-- Your goal --
In the material below, the lines between the one holding "คุณสุจิตรา ขอความช่วยเหลือกำจัดรังผึ้งบนต้นไม้ บริเวณซอยสุขุมวิท" and the one holding "- While it’s", inclusive, are to be set down word for word. Pictures stay out.

-- Listed entries --
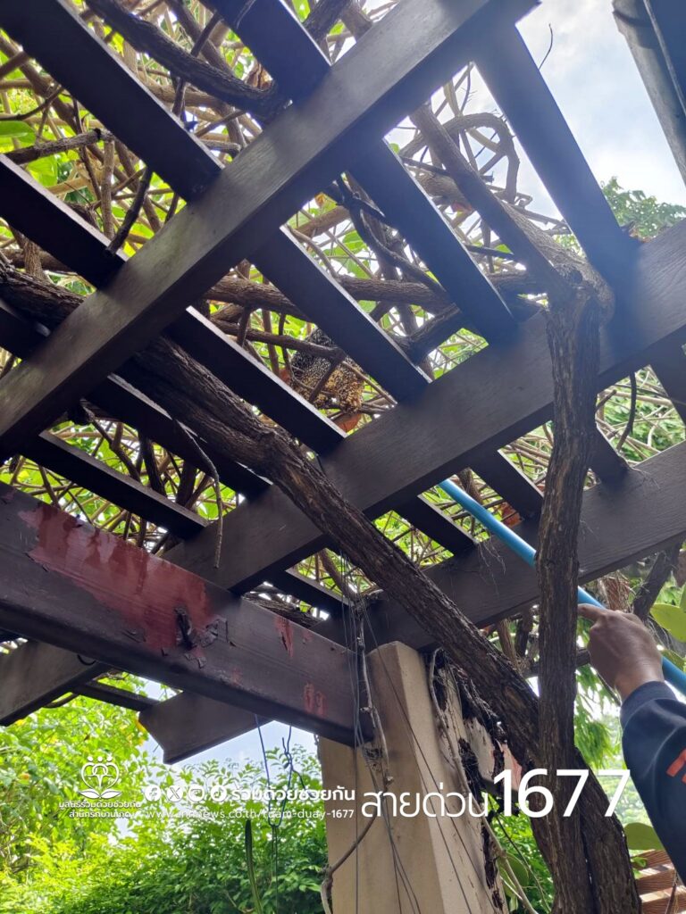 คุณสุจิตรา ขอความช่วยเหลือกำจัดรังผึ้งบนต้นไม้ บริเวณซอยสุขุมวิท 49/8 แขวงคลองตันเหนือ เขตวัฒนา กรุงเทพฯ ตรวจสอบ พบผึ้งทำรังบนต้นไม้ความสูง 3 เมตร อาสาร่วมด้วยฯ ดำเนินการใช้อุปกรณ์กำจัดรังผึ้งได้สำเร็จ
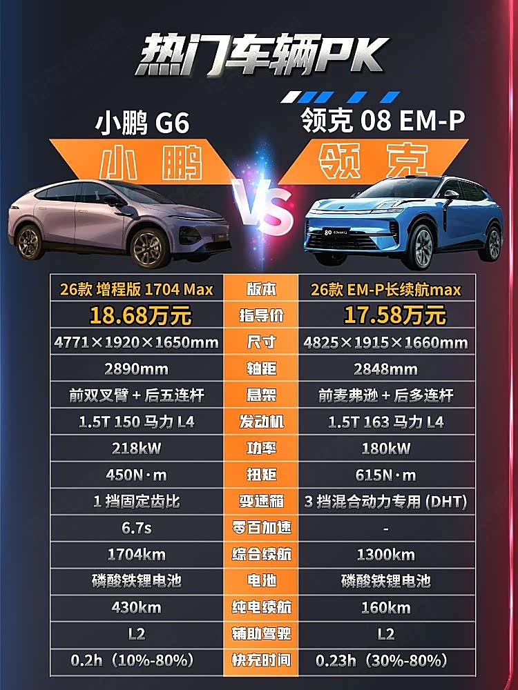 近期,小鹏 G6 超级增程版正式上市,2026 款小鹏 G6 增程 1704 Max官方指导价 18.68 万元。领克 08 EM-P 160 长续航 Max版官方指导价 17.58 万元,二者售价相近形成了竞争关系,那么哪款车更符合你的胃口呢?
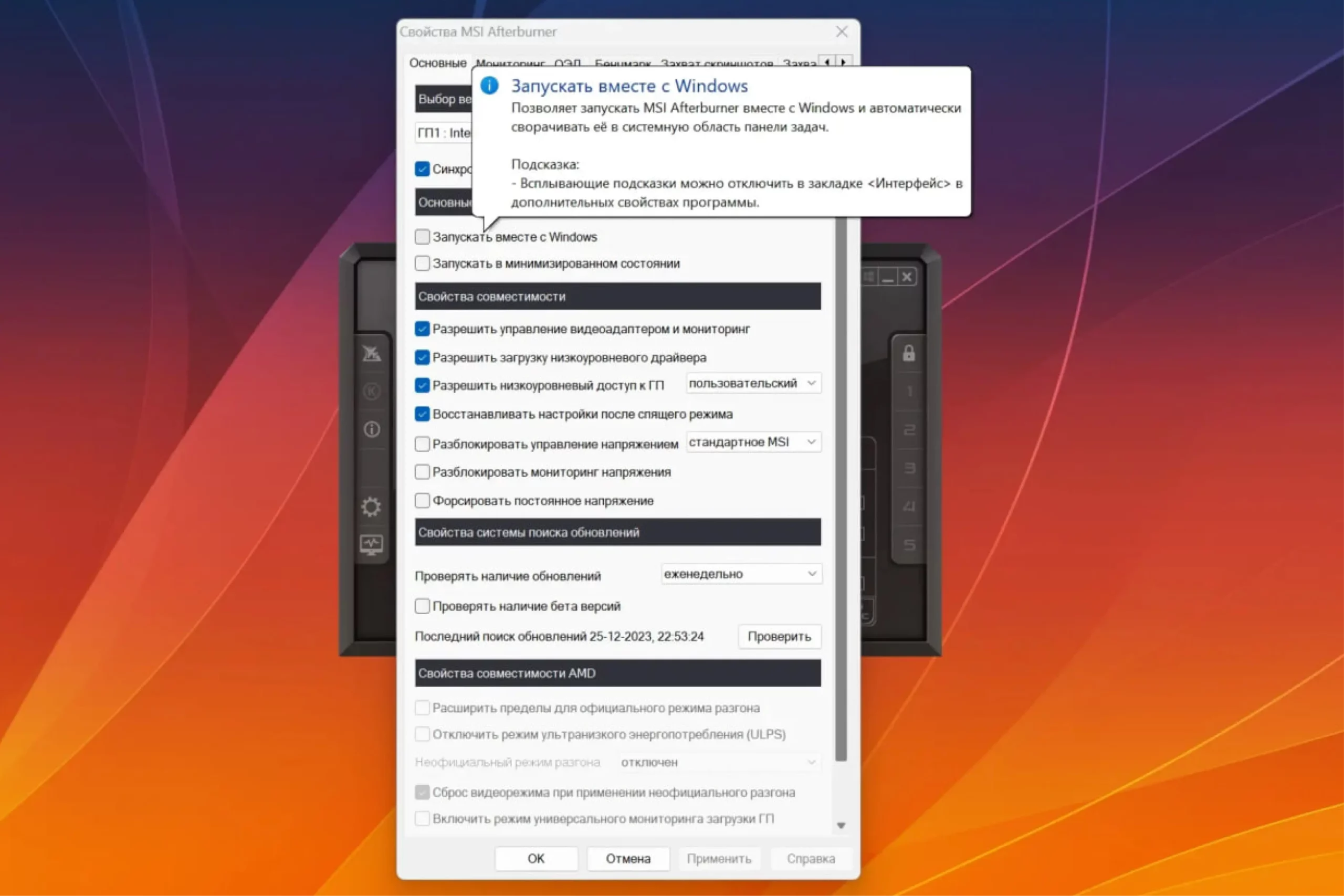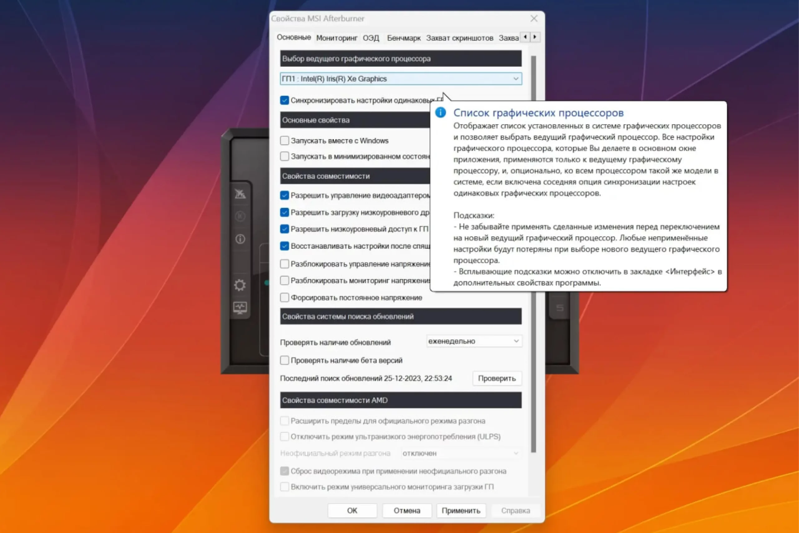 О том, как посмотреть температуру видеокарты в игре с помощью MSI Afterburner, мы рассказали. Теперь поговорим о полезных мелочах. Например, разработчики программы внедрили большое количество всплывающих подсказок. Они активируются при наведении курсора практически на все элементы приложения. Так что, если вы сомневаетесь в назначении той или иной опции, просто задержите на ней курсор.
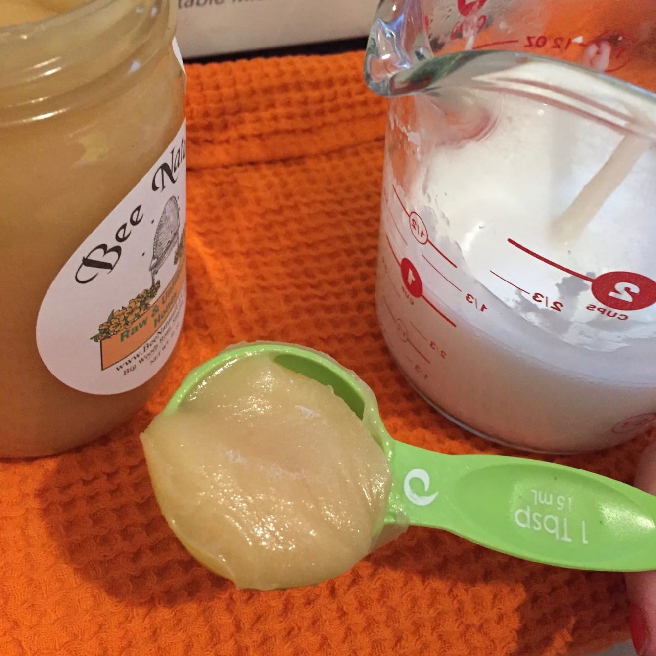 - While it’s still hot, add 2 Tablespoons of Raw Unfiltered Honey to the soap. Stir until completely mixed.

==

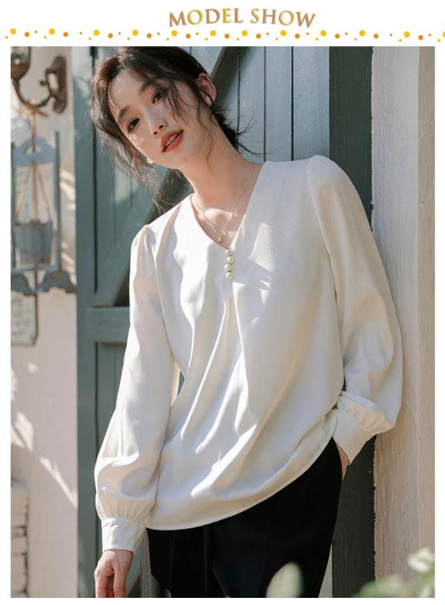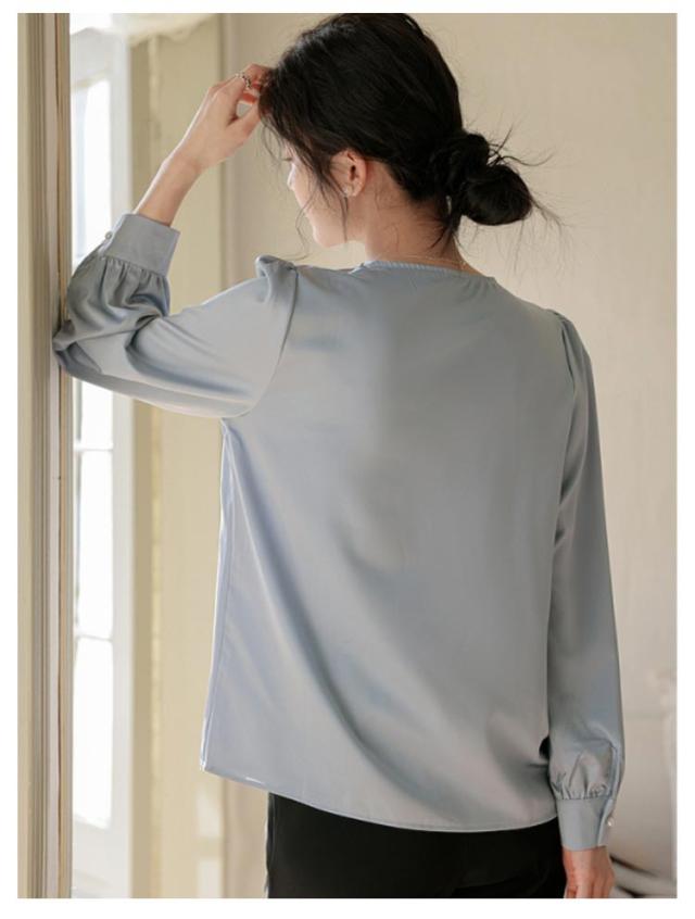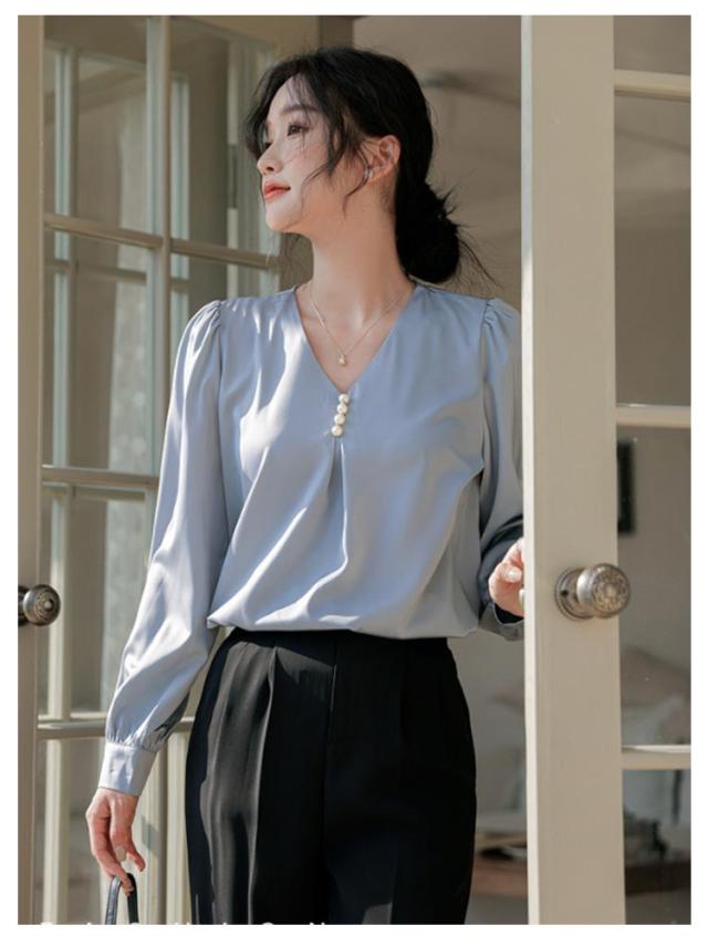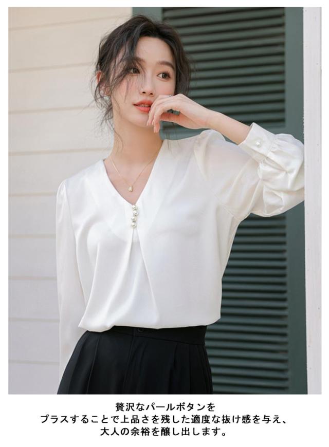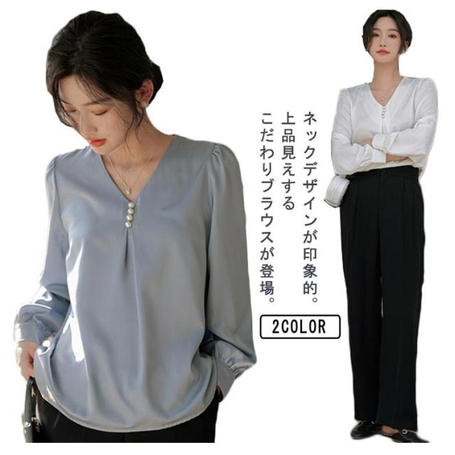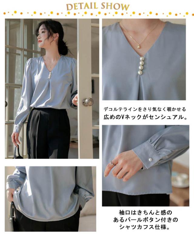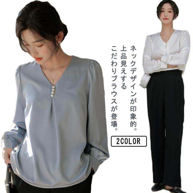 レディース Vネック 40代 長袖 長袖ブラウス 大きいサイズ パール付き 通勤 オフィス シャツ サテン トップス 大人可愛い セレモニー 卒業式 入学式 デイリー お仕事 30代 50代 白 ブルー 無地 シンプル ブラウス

* * *

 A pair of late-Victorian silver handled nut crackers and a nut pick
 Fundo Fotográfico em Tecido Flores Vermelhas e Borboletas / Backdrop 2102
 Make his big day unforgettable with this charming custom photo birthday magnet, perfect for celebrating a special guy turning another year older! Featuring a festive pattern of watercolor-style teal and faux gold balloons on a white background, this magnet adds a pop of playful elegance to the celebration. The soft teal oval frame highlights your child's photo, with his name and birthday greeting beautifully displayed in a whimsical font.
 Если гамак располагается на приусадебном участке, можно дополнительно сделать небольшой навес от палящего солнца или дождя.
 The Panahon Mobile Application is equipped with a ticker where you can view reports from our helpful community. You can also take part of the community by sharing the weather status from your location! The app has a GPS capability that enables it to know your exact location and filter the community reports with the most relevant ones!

-- Result below --
 คุณสุจิตรา ขอความช่วยเหลือกำจัดรังผึ้งบนต้นไม้ บริเวณซอยสุขุมวิท 49/8 แขวงคลองตันเหนือ เขตวัฒนา กรุงเทพฯ ตรวจสอบ พบผึ้งทำรังบนต้นไม้ความสูง 3 เมตร อาสาร่วมด้วยฯ ดำเนินการใช้อุปกรณ์กำจัดรังผึ้งได้สำเร็จ
 近期,小鹏 G6 超级增程版正式上市,2026 款小鹏 G6 增程 1704 Max官方指导价 18.68 万元。领克 08 EM-P 160 长续航 Max版官方指导价 17.58 万元,二者售价相近形成了竞争关系,那么哪款车更符合你的胃口呢?
 О том, как посмотреть температуру видеокарты в игре с помощью MSI Afterburner, мы рассказали. Теперь поговорим о полезных мелочах. Например, разработчики программы внедрили большое количество всплывающих подсказок. Они активируются при наведении курсора практически на все элементы приложения. Так что, если вы сомневаетесь в назначении той или иной опции, просто задержите на ней курсор.
 - While it’s still hot, add 2 Tablespoons of Raw Unfiltered Honey to the soap. Stir until completely mixed.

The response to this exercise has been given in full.